Input data.
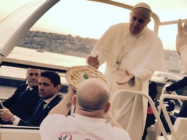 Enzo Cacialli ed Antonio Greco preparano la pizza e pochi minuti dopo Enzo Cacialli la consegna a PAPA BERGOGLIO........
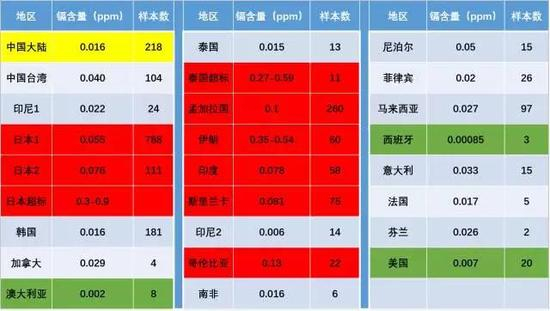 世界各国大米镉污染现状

--

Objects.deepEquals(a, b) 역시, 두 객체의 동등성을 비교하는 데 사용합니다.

...

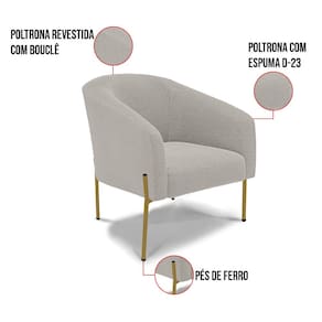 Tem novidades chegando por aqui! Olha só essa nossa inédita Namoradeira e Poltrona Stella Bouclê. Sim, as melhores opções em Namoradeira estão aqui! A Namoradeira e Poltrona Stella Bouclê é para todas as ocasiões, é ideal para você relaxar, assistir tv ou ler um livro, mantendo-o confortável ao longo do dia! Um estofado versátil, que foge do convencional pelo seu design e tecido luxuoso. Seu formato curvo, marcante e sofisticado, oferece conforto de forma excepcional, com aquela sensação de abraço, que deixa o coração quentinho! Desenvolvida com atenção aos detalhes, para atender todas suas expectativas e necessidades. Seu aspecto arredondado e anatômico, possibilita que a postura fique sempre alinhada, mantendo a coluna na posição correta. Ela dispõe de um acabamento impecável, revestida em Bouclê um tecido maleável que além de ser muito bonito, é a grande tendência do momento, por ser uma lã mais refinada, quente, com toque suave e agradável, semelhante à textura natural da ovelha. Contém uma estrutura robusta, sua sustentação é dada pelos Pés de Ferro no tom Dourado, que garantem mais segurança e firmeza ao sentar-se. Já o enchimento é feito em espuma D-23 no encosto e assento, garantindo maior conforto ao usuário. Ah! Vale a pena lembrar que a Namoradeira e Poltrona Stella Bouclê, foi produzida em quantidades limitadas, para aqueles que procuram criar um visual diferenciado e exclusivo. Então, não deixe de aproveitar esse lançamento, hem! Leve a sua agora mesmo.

Required action.
Above are some records; quote exactly and only the lines that begin at the line containing "Enzo Cacialli ed" and stop after the line containing "世界各国大米镉污染现状", leaving out the pictures.

Expected answer.
 Enzo Cacialli ed Antonio Greco preparano la pizza e pochi minuti dopo Enzo Cacialli la consegna a PAPA BERGOGLIO........
 世界各国大米镉污染现状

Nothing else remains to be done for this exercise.